We have managed compliance for the past 30 years in IT as a point in time type of event.  Auditors come in at a particular time of the year and perform their assessments for that period of time.  Perhaps there is a testing of the process controls over a span of time, however, it's still a point in time assessment.  What's starting to happen is the introduction of continuous assessments.  Where it's not just a point in time but the continuous testing over the lifespan of the organization.  With new services, such as SkyHigh, we are seeing the ongoing monitoring and assessment of a particular service.  This includes, among other things, compromises of that service.

This is resonating very well to me and others as practitioners are being forced to deal with vendors in an continuous basis.  Most notably, the impact of a compromise can resonate quite significantly in impact.  This will occur at any time and not necessarily be identified via an audit.  With more of a continuous service assessment we are seeing the value to the practitioner much higher than historical audits have done.  Since my challenges are really ensuring my security of content and transactions in that service I need to integrate all of it into my ongoing risk management process.  To do that I need a continuous monitoring to ensure any change is identified quickly and managed to resolution appropriately.  Historical audits are not suited to do this and has hindered our comfort of cloud services for some time. 

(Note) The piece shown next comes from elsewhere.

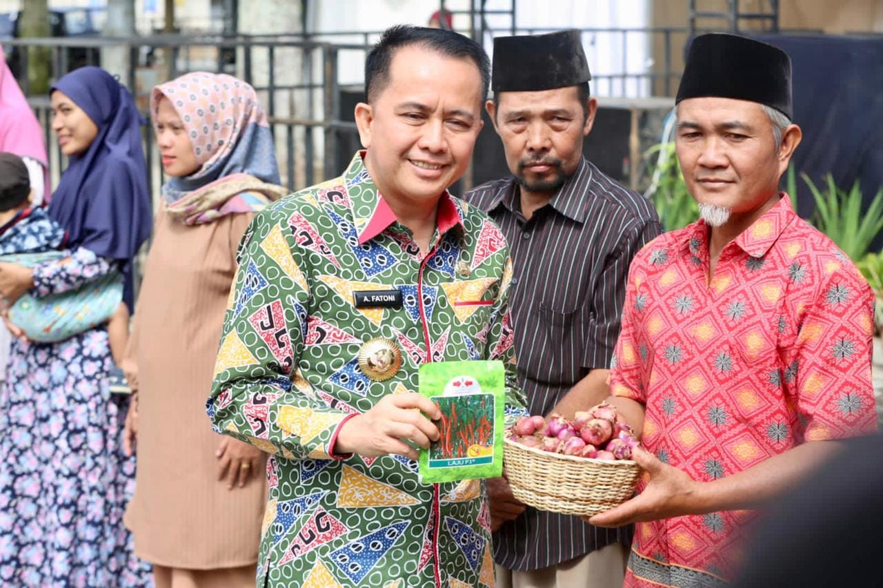 Penjabat (Pj) Gubenur Sumatera Selatan (Sumsel) Agus Fatoni dan Pj Ketua Tim Penggerak (TP) Pemberdayaan Kesejahteraan Keluarga (PKK) Tyas Fatoni membagikan bantuan bibit cabe dan bawang kepada sejumlah kelompok tani. Bantuan ini diberikan usai Launching Program Pencegahan Stunting di Kota Pagar Alam, Sumatera Selatan, Sabtu (16/12/2023).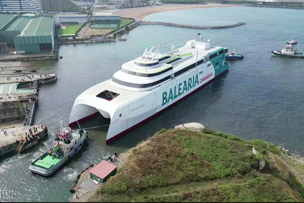 El catamarán tiene capacidad para 1.200 pasajeros y 400 vehículos Baleària botó en los Astilleros Armon de Gijón el fast…

This change in how audits are being done are clearly going to change our view of vendors and our own risk management process.  This will most notably impact the "optional" assessments and certifications we receive (ISO 27002, SSAE16, etc) where they are really to provide clarity to customers on our own performance.  With a continuous model, that clarity becomes more timely and actionable.  This will have two effects.  The first is the disruption of that entire certification / audit performance industry.  The KPMG / PwC's of the world will have a drawdown of that business.  Second, new assessment ratings will arise.  This can be seen as SkyHigh's assessments and ratings gain more traction and relevancy it's this A-F rating system that will become a new standard in industry.  With this, it also changes our concepts of what the value of the audit is. 

This brings me to the second main point.  That is one of a process testing vs. results oriented audits.  Almost all audits test the processes of an organization to comply with best practices.  What these new continuous assessments are really driving is more of a results oriented model.  It's not how the application was developed but that it's vulnerability free.  It's not how the changes are performed but that it hasn't been compromised.  Clear deffinition of what the expected outcome is of a vendor will drive clear assessment criteria.  With this a continuous assessment model can be applied. 

It will be interesting to see what level of disruption this new model will have but I can already see the adoption of many security organizations.  The metamorphasis of their own risk management and threat response programs to these new data feeds has been remarkable.  With the stronger industry adoption I can see it becoming more and more of a cultural shift in how we place our expectations onto cloud providers and monitor the management to them.  Thus dramatically changing the entire audit industry.